Given records –
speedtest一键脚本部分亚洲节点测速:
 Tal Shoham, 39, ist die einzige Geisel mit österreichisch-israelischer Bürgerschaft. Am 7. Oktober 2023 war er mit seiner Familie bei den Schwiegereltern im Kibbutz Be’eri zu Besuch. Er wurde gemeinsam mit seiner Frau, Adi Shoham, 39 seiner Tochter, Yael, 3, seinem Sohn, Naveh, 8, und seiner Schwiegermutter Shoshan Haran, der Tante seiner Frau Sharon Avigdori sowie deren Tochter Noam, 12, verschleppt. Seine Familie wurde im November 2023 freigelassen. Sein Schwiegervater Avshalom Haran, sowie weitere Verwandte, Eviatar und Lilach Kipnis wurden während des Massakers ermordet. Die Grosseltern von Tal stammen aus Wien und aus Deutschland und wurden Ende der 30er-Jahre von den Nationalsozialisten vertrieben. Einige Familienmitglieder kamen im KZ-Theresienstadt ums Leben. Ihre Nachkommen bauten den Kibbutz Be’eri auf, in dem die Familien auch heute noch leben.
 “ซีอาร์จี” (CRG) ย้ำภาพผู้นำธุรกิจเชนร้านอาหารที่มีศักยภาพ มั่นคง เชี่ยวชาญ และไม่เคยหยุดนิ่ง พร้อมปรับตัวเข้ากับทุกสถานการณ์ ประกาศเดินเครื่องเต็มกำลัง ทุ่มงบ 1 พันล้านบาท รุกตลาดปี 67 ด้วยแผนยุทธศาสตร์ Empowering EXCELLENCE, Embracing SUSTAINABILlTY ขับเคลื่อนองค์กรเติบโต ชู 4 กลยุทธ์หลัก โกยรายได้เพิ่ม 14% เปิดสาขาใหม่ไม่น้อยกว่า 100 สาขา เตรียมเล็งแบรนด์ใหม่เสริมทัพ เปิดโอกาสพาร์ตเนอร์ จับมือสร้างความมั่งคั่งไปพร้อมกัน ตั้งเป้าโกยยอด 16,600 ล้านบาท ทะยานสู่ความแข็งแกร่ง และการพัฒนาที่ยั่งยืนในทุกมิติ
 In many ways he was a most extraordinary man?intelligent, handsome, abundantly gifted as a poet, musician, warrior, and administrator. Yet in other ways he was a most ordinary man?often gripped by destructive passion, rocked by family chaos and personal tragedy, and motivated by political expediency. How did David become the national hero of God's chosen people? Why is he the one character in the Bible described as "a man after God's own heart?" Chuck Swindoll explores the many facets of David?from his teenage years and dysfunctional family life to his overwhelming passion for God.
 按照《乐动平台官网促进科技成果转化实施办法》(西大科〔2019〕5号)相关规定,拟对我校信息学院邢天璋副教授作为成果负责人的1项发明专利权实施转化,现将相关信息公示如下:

Exercise – Your answer must be an exact copy of every record.

Result for this exercise –
speedtest一键脚本部分亚洲节点测速:
 Tal Shoham, 39, ist die einzige Geisel mit österreichisch-israelischer Bürgerschaft. Am 7. Oktober 2023 war er mit seiner Familie bei den Schwiegereltern im Kibbutz Be’eri zu Besuch. Er wurde gemeinsam mit seiner Frau, Adi Shoham, 39 seiner Tochter, Yael, 3, seinem Sohn, Naveh, 8, und seiner Schwiegermutter Shoshan Haran, der Tante seiner Frau Sharon Avigdori sowie deren Tochter Noam, 12, verschleppt. Seine Familie wurde im November 2023 freigelassen. Sein Schwiegervater Avshalom Haran, sowie weitere Verwandte, Eviatar und Lilach Kipnis wurden während des Massakers ermordet. Die Grosseltern von Tal stammen aus Wien und aus Deutschland und wurden Ende der 30er-Jahre von den Nationalsozialisten vertrieben. Einige Familienmitglieder kamen im KZ-Theresienstadt ums Leben. Ihre Nachkommen bauten den Kibbutz Be’eri auf, in dem die Familien auch heute noch leben.
 “ซีอาร์จี” (CRG) ย้ำภาพผู้นำธุรกิจเชนร้านอาหารที่มีศักยภาพ มั่นคง เชี่ยวชาญ และไม่เคยหยุดนิ่ง พร้อมปรับตัวเข้ากับทุกสถานการณ์ ประกาศเดินเครื่องเต็มกำลัง ทุ่มงบ 1 พันล้านบาท รุกตลาดปี 67 ด้วยแผนยุทธศาสตร์ Empowering EXCELLENCE, Embracing SUSTAINABILlTY ขับเคลื่อนองค์กรเติบโต ชู 4 กลยุทธ์หลัก โกยรายได้เพิ่ม 14% เปิดสาขาใหม่ไม่น้อยกว่า 100 สาขา เตรียมเล็งแบรนด์ใหม่เสริมทัพ เปิดโอกาสพาร์ตเนอร์ จับมือสร้างความมั่งคั่งไปพร้อมกัน ตั้งเป้าโกยยอด 16,600 ล้านบาท ทะยานสู่ความแข็งแกร่ง และการพัฒนาที่ยั่งยืนในทุกมิติ
 In many ways he was a most extraordinary man?intelligent, handsome, abundantly gifted as a poet, musician, warrior, and administrator. Yet in other ways he was a most ordinary man?often gripped by destructive passion, rocked by family chaos and personal tragedy, and motivated by political expediency. How did David become the national hero of God's chosen people? Why is he the one character in the Bible described as "a man after God's own heart?" Chuck Swindoll explores the many facets of David?from his teenage years and dysfunctional family life to his overwhelming passion for God.
 按照《乐动平台官网促进科技成果转化实施办法》(西大科〔2019〕5号)相关规定,拟对我校信息学院邢天璋副教授作为成果负责人的1项发明专利权实施转化,现将相关信息公示如下:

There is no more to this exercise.